“A mystery that we each explore, finding our own answers and connections. Spirituality is a very personal issue, so we approach it respecting each person's experience and chosen path.” –RI International Peer Employment Training

I had a time in my recovery when I felt I had been completely abandoned by the “God of my understanding.” I was finished with that God.  Through my recovery, I came to understand God in a different way, both ways broadening my awareness. One person’s higher power can be a trigger to someone else’s understanding. The conditioning around what we witnessed, were taught, and our personal experiences of a higher power varies tremendously. “Respecting each person’s experience and chosen path” creates more love, peace, forgiveness, and compassion leading to oneness vs. division. It creates curiosity and opportunities to expand the box we often hold our higher power in.

At one time, I worked with at-risk kids that were failing traditional schools. I’ll never forget a young man I worked with because he shared his dad regularly beat him while reading the Bible. The “God of his understanding” at that time was abusive and equated with trauma for him. Why would he want to have a relationship with that person or being? Yet, as I spent time with and witnessed him, he began to respond to loving compassion!

The God I knew early in recovery wasn’t working. My old religious conditioning created judgement of others as to whether they were on the right or wrong path – the “who’s in and who’s out” mentality. I am now able to enjoy hearing about the God of others’ understanding, and appreciate where we converge through oneness. This only happened because, like the young man, my first understanding of God had to not work for me, so that grace and mercy could create a new understanding.

As this understanding changed, part of how I reflected it was in the way I referred to God. In the beginning of my recovery, I often chose “Ultimate Caregiver.” Another favorite is “Love” or “Loving Presence.” Like the facets of a diamond showing another beautiful perspective of the whole, I never tire of the many names. I now enjoy a diversity of opportunities for expressing my spiritual pathway. It’s never static, rather always mystically unfolding.

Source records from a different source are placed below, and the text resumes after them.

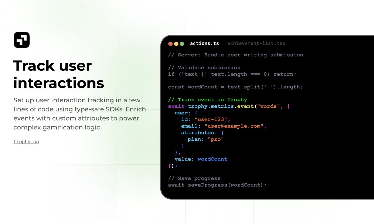 Trophy 1.0 is a gamification API platform that enables developers to quickly integrate key game-like elements into their applications. It offers flexible APIs for achievements, streaks, XP, badges, ranks, and leaderboards, allowing for fast implementation of gamification features without extensive coding. The platform includes no-code configuration tools, automated personalized email and push notifications, and a dashboard to monitor retention and engagement impact. By streamlining the gamification process, Trophy 1.0 helps developers enhance user engagement and retention efficiently, making it easy to deploy and manage gamified experiences in various applications.
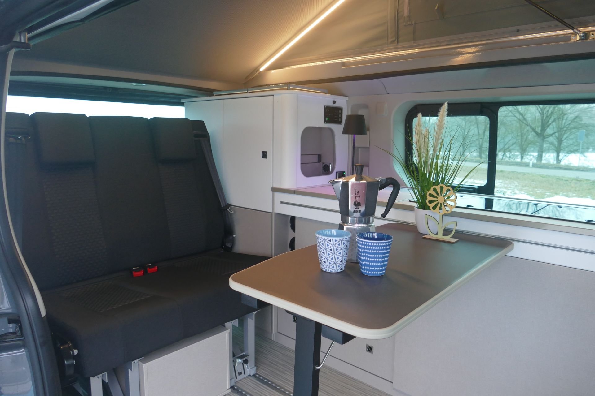 | Fahrzeugausstattung | 230V-Steckdosen und 12V-Anschlüsse Drehsitze Elektrische Außenspiegel Elektrische Fensterheber ISOFIX LED-Scheinwerfer Lederlenkrad Lichtsensor Markise Multifunktionslenkrad Navigationssystem Partikelfilter Regensensor Servolenkung Zentralverriegelung |
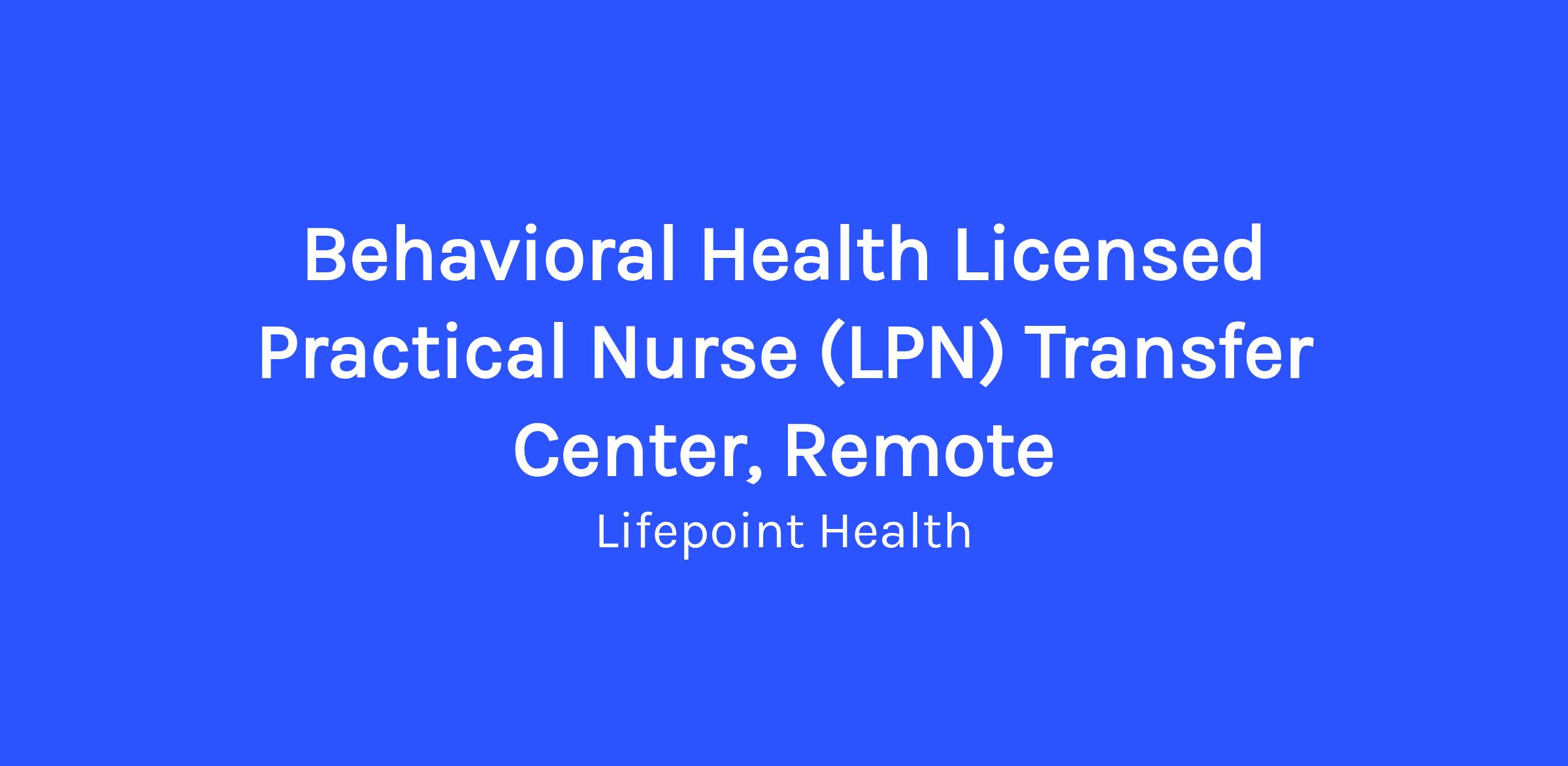 A Behavioral Health Transfer Center LPN (Remote), who excels in this role:

Do you have a yearning inside for something more or greater than yourself? Ask for it to be shown to you. It won’t be shown to you exactly like anyone else, and that’s because it meets you right where you are!

Cheri Thomas

Cheri works as a Peer Support Specialist for RI in Arizona. She has experienced loss and grief which has led her to write for the masses to bring voice to those in similar situations. Cheri possesses a deep passion to share with, encourage, and inspire others on what she calls the Journey of the Heart.